What this task involves:
Start at the top of the records and, please, print each line exactly through the line that contains "音楽で、動物の鳴き声で発表す", leaving out all pictures.

Information given:
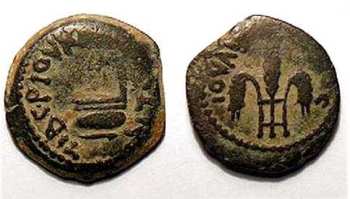 | Hendin 649a | Pontius Pilate, procurator of Judea under Tiberius, 26-36 AD, bronze prutah of 14.7 mm, 2.05 grams. Struck in the year 29 or 30 AD. LIZ (date) within a wreath / Lituus. | Text | Image |
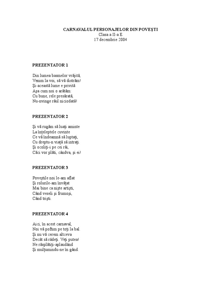 Cântece pentru carnavalul personajelor din povești texte publicat pe 8 iunie 2011 de dorel puchea biserica harul lehliu gară în pregătirea serbării de sfârșit de an școlar am căutat asiduu negative și texte pentru cântece. Carnavalu personajelor din povesti 1 duration. Bine ati venit dragi invitati. Barascu leon catalin 3 847 views.
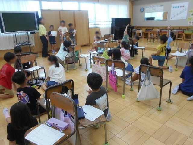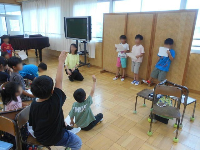 音楽で、動物の鳴き声で発表するグループの友達が、どんな動物の鳴き声で発表しているのか当てていました。
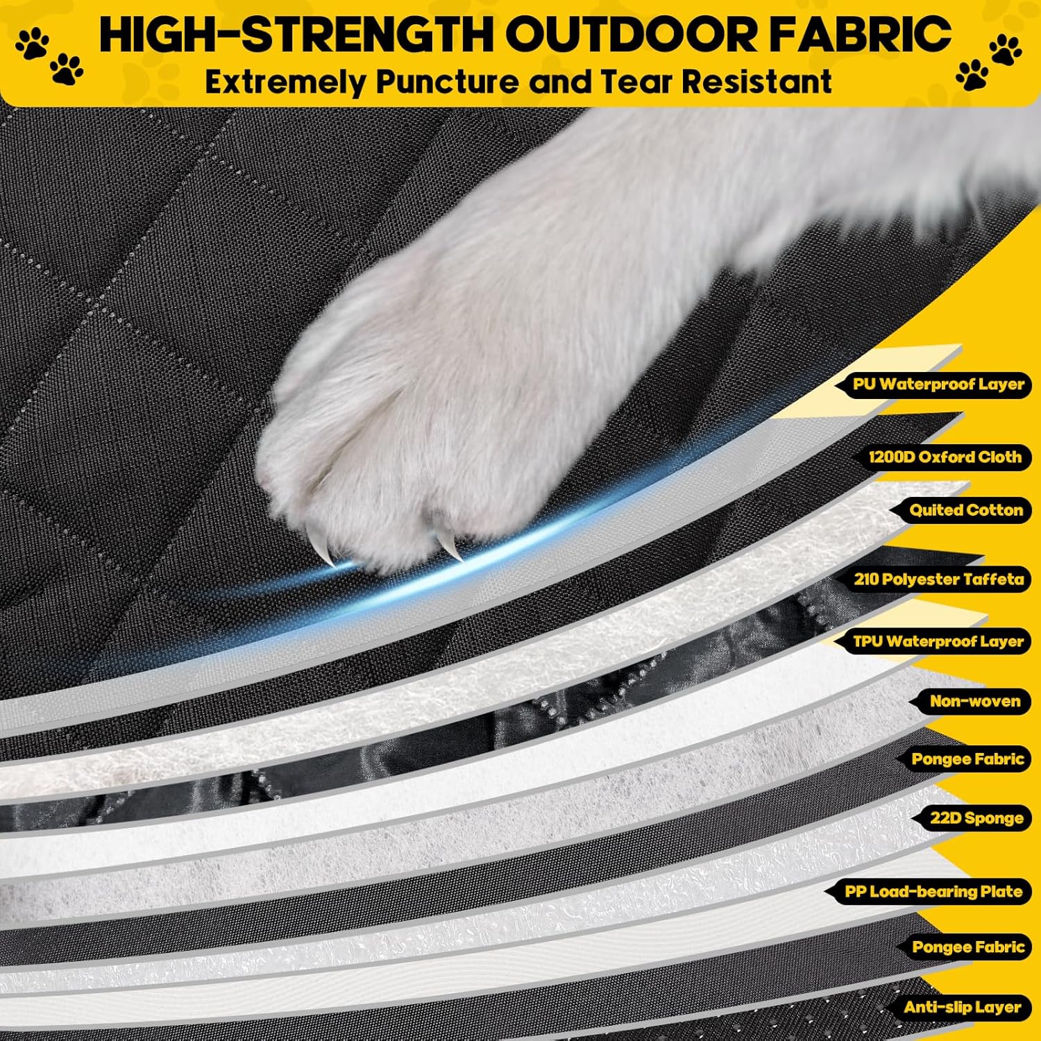 - 【Upgraded High-Strength 1200D Rip-Stop Fabric】The Truck backseat dog cover is crafted from military-grade 1200D Rip-Stop fabric, engineered to resist rips, tears, and punctures. It boasts twice the durability of standard materials. The tight weave withstands heavy digging, scratching, and rough play, offering a longer lifespan than traditional fabrics. By investing in this high-quality backseat cover for dogs in car, you avoid repeatedly buying cheaper alternatives, reducing energy consumption, fuel usage, and landfill waste. The fabric is also hair-resistant and easy to clean, conserving water and detergent. This investment provides better long-term value for both you and your dog
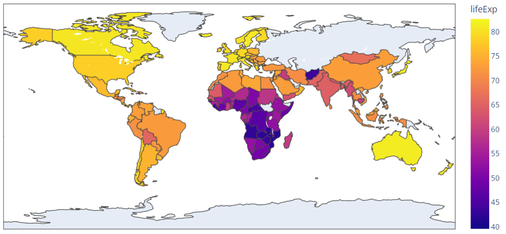 | color="lifeExp", # lifeExp est une colonne de df. Elle représente l'espérance de vie. | |
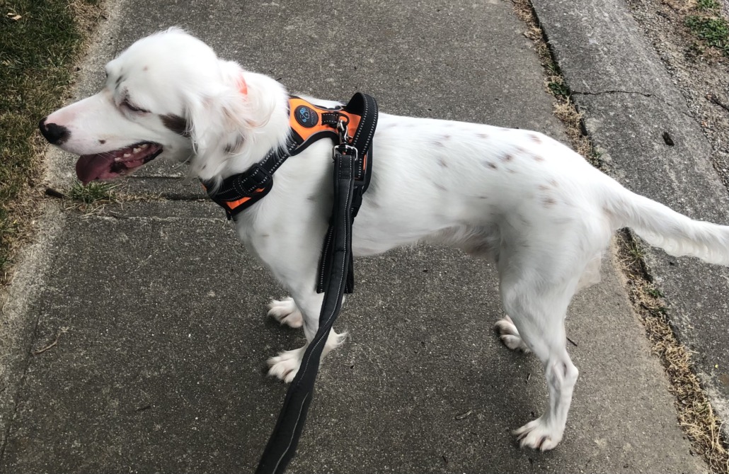 Mostly white with some brown spots male English Setter; high energy. Has vet tags on collar, has additional training collar.
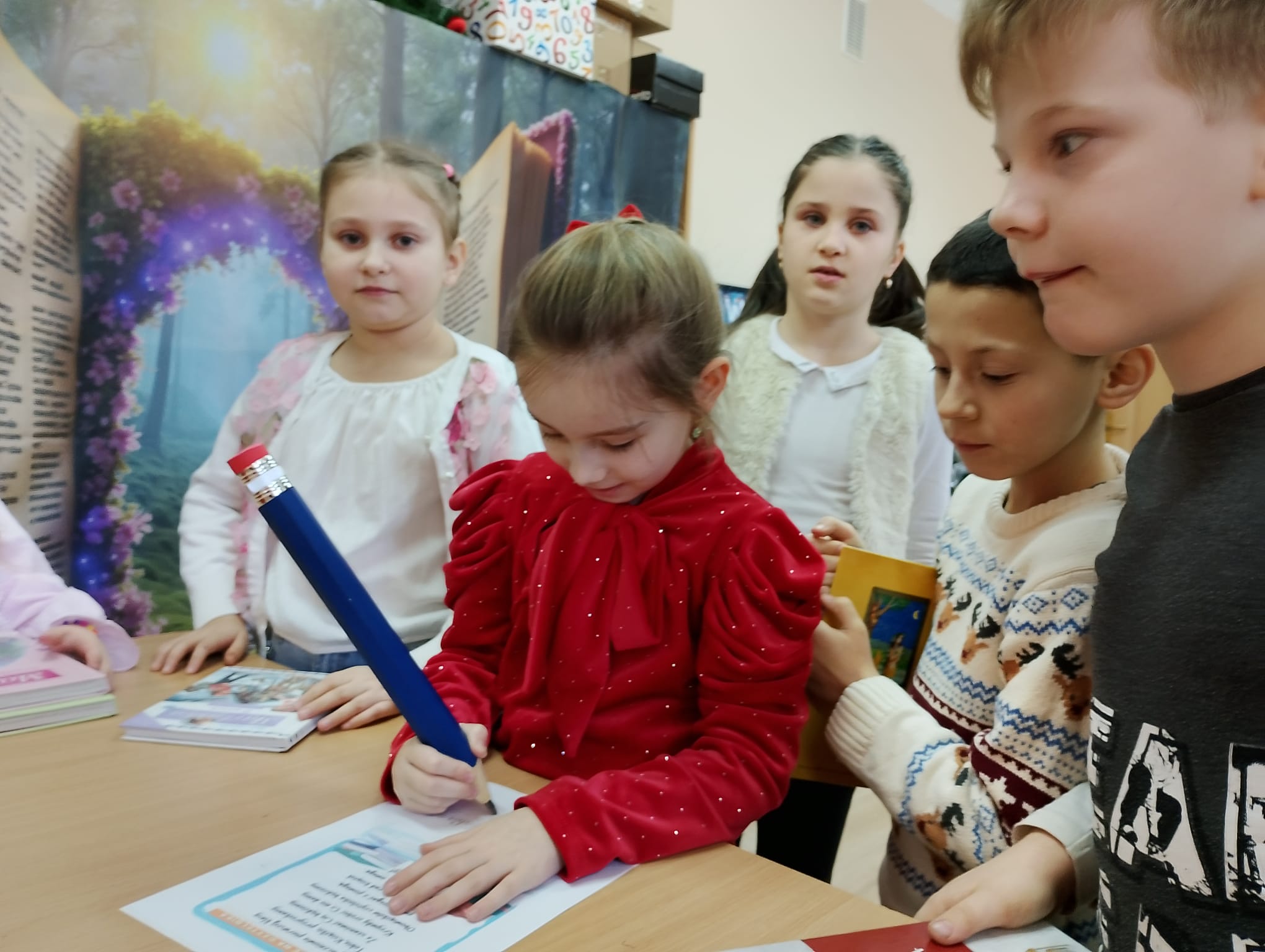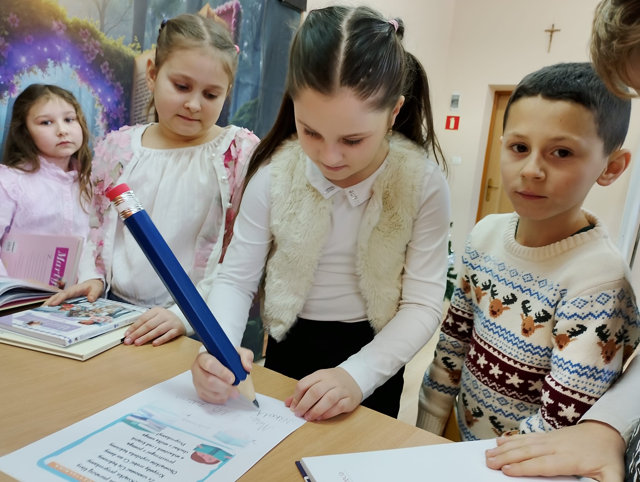 Po części zadaniowej uczniowie złożyli uroczystą przysięgę czytelnika i potwierdzili ją własnoręcznym podpisem wykonanym specjalnym ołówkiem. Na zakończenie każdy nowy czytelnik otrzymał pamiątkowy dyplom oraz drobny upominek przygotowany przez bibliotekę. Mamy nadzieję, że spotkanie zachęci uczniów do częstych wizyt w bibliotece i odkrywania radości płynącej z czytania.
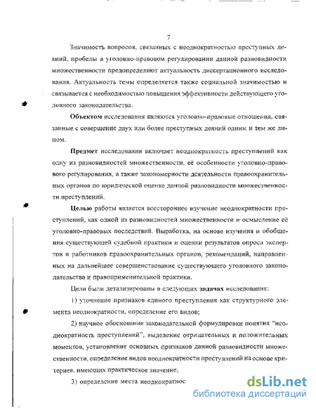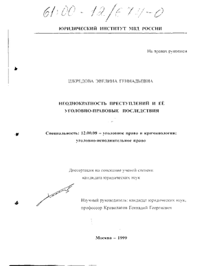Целью работы является всестороннее изучение неоднократности преступлений, как одной из разновидностей множественности и осмысление её уголовно-правовых последствий. Выработка, на основе изучения и обобщения существующей судебной практики и оценки результатов опроса экспертов и работников правоохранительных органов, рекомендаций, направленных на дальнейшее совершенствование существующего уголовного законодательства и правоприменительной практики.
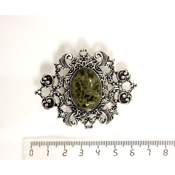 Брошь из змеевика, с ажурным контуром, цвет ант. серебро, овал 25х18мм
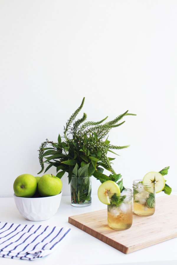 In a cocktail shaker add mint, apple juice, bourbon and coconut extract. Shake with ice, strain into glass, top with club soda, garnish with mint and apple.
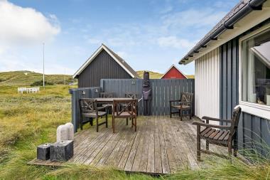 Huset er beliggende på en ca. 1.250 m2 stor naturgrund. Fra opholdsstuen er der adgang til en dejlig terrasse med havemøbler, solvogne og grill som kan flyttes rundt efter behag. Dejligt hus, der er blevet rigtig flot moderniseret med respekt for den gamle stil. Huset ligger tæt ved Vesterhavet, der altid inviterer til en frisk gå- eller løbetur. Områdets købmand har sæsonåbent og ligger ca. 250 m fra huset og som i sæsonen byder på frisk morgenbrød. Her kan de daglige indkøb også klares. Også området madsted ligger ca. 3.000 m fra huset. 10 – 15 km fra huset kan flere aktiviteter og shoppingmuligheder nås. Så hvad enten I er til aktiv ferie eller total afslapning, danner dette feriehus en dejlig ramme både hvad angår hus, beliggenhed og omgivelser.

Written solution:
 | Hendin 649a | Pontius Pilate, procurator of Judea under Tiberius, 26-36 AD, bronze prutah of 14.7 mm, 2.05 grams. Struck in the year 29 or 30 AD. LIZ (date) within a wreath / Lituus. | Text | Image |
 Cântece pentru carnavalul personajelor din povești texte publicat pe 8 iunie 2011 de dorel puchea biserica harul lehliu gară în pregătirea serbării de sfârșit de an școlar am căutat asiduu negative și texte pentru cântece. Carnavalu personajelor din povesti 1 duration. Bine ati venit dragi invitati. Barascu leon catalin 3 847 views.
 音楽で、動物の鳴き声で発表するグループの友達が、どんな動物の鳴き声で発表しているのか当てていました。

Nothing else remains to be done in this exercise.